O discurso de ódio, racista e de supremacia branca, está a crescer dentro das comunidades protestantes evangélicas, que têm muita expressão nos EUA e no Brasil e foram determinantes para a eleição de Trump e de Bolsonaro. São anticatolicismo, anti Papa Francisco, anti-islâmicos, contra a imigração e o multiculturalismo.O extremismo protestante evangélico está a fomentar ódios que alimentam radicalismos e atos terroristas, como este que aconteceu na Nova Zelândia contra mesquitas. Está a ter um papel cada vez mais destacado no panorama político mundial, como por exemplo, retirar Jerusalém à Palestina, tal como foi defendido por Trump e Bolsonaro.

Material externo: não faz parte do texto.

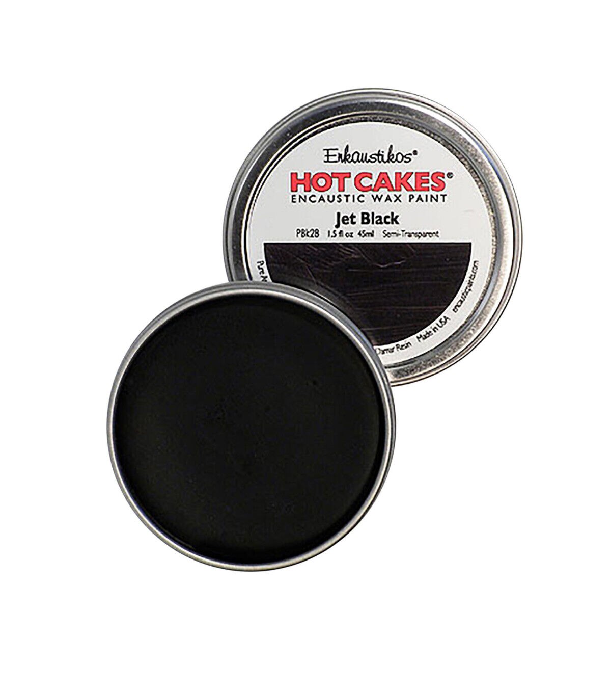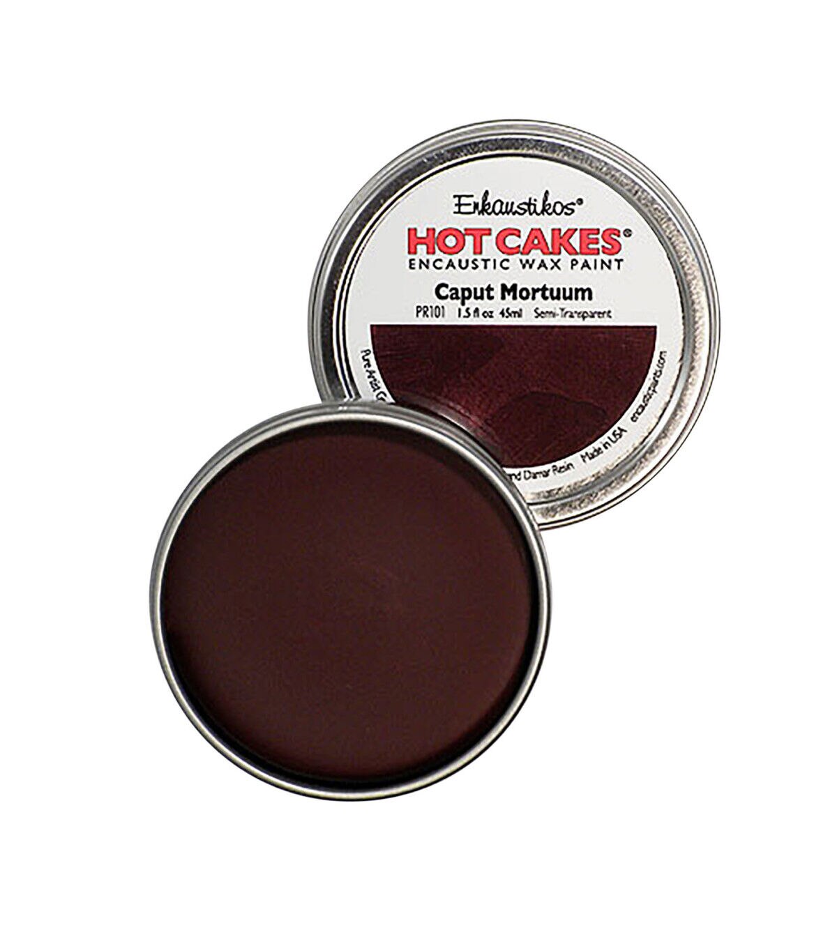 The Hot Cake is a ready-to-use encaustic wax paint housed in a convenient metal tin you can heat up directly on your palette.
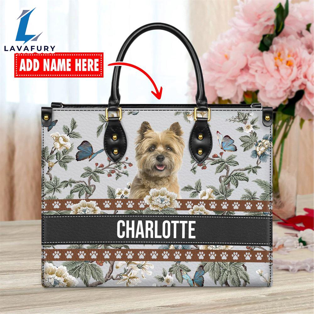 Photos Of Cairn Terrier Dog Bior Leather Handbag With Flowers And Butterfly Love Your Pet
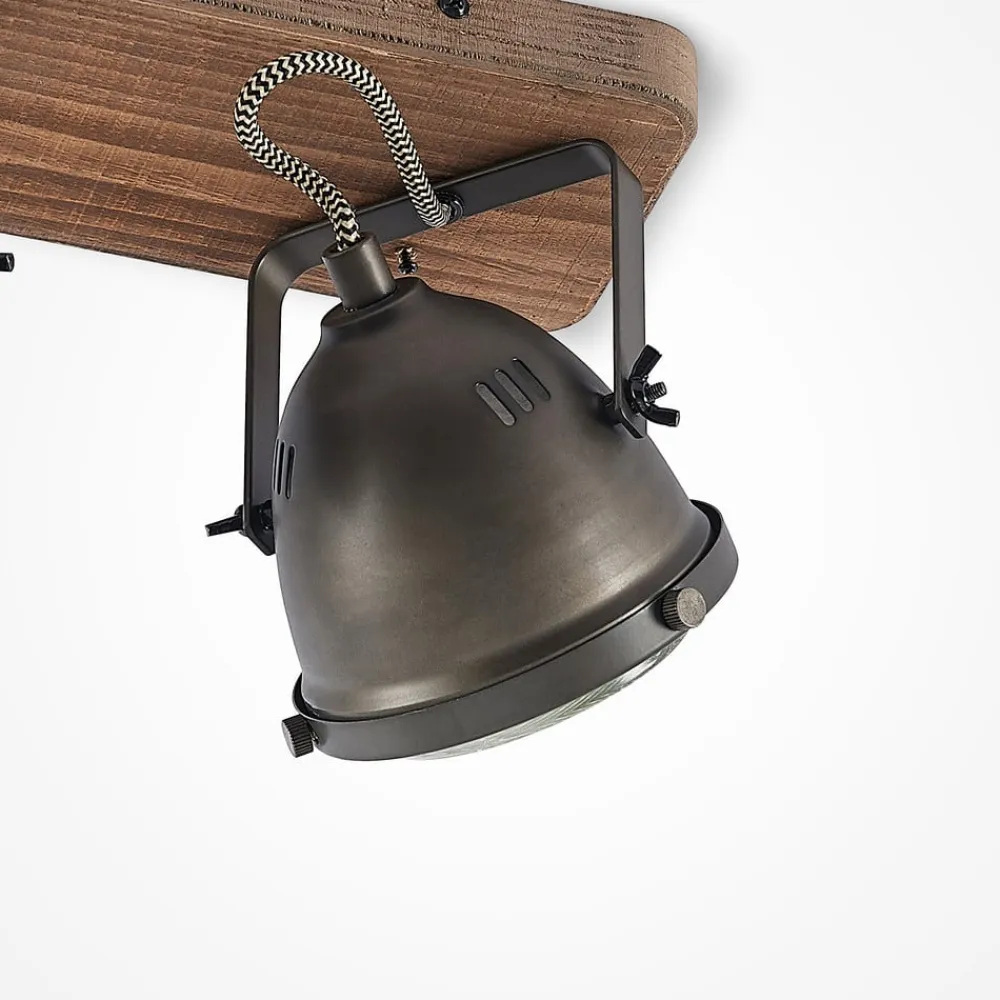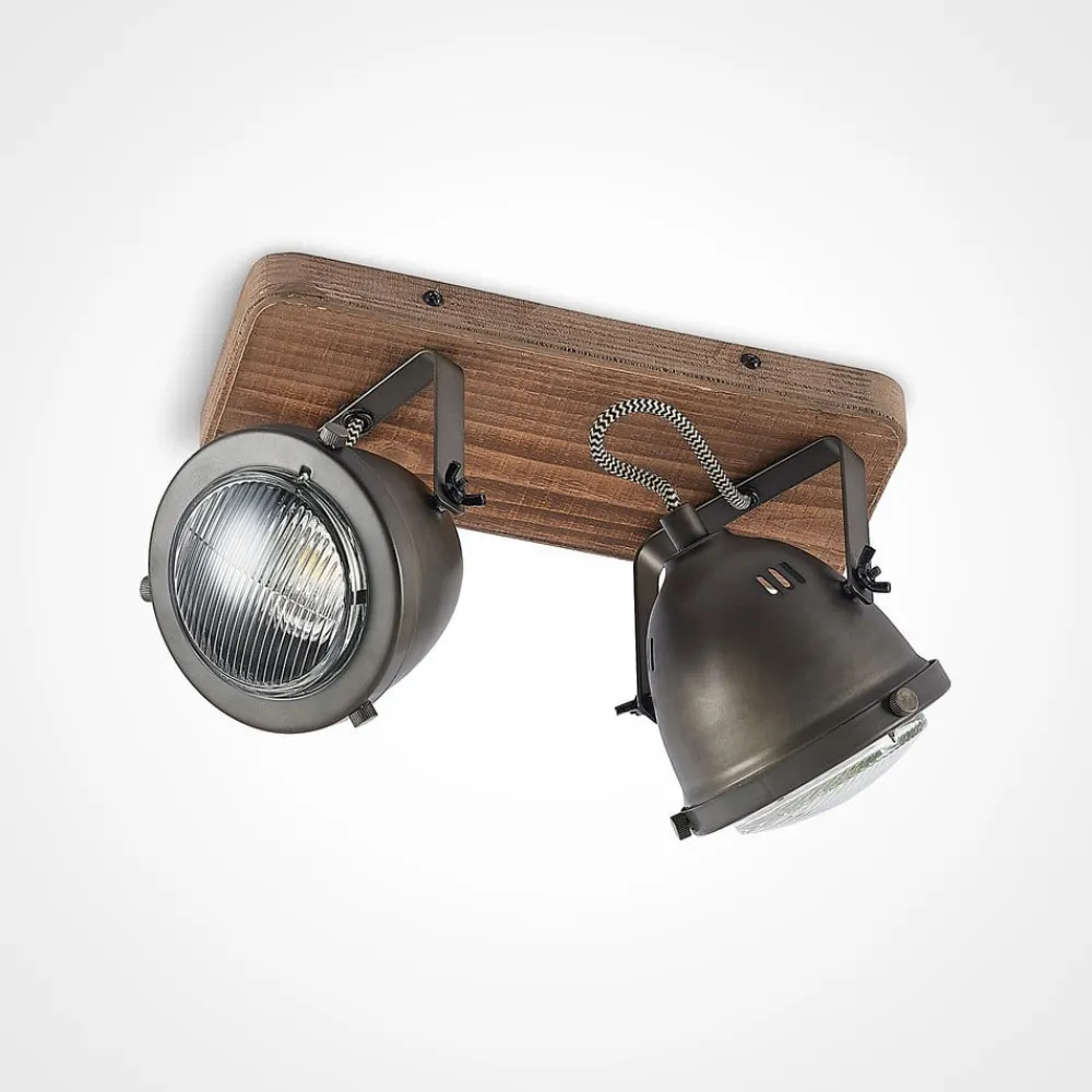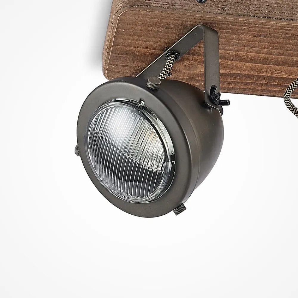Farovi 2 lyskilder, sort med baldakin To sorte metalspots med en forside af klart glas med riller udgør skærmene på Farovi 2 lyskilder, og deres design minder om spotlights på en klassisk bil. Spotlightsene er fastgjort til træbaldakinen med beslag og kan drejes og svinges, så de kan lyse i forskellige retninger. Loftlampen med vintagecharme passer ind i rum, der er indrettet i denne stil, men skaber også en interessant accent i andre indretninger.

A sigla WASP, White, Anglo-Saxon and Protestant, "Branco, Anglo-Saxão e Protestante", cada vez mais popular nos EUA, defende a raça branca contra negros, hispânicos e judeus, fomenta o nacionalismo, combate a religião alheia, seja ela o catolicismo, o Islão ou outras. Chegam por isso a aproximar-se da extrema direita nazista, defendendo Hitler e o extermínio dos judeus.Com o discurso fácil de estarem a vingar a cristandade pelos atentados terroristas islâmicos, têm ganho cada vez mais simpatizantes em todo o mundo, que desconhecem a verdadeira dimensão da sua causa.
Guerras religiosas foram mais mortíferas do que as guerras feitas em nome de um rei ou de um país?
A religião é um argumento fácil de manipular e tem sido usada ao longo da História, com muito sucesso diga-se, para conseguir vários objetivos políticos. É, portanto, muito difícil encontrar guerras onde a religião não tenha sido usada como arma. Dos inúmeros exemplos lembro, rapidamente, as cruzadas que mais não serviram para controlar as rotas de comércio que a expansão do Islão estava a tomar, as lutas fratricidas entre xiitas e sunitas pelo poder no mundo islâmico, entre protestantes e católicos, sendo a mais recente no final do século XX na Irlanda do Norte. Na atualidade, destaco, o que se passou na Síria, onde a propósito dos conflitos entre a maioria sunita e a minoria xiita no poder, se chegou a uma guerra de proporções globais, onde o que estava verdadeiramente em causa era a aliança Síria-Irão-Rússia e o acesso destas ao mediterrâneo; a guerra sangrenta no Iémen, que opõe xiitas e sunitas, e que mais não é senão a ambição de controlar o estreito de Bab el Mandab, uma das mais importantes check-points comerciais do mundo; ou o que se passa na igreja ortodoxa na Ucrânia e a sua separação do patriarcado de Moscovo, que mais não é que o reflexo da situação política entre os dois países.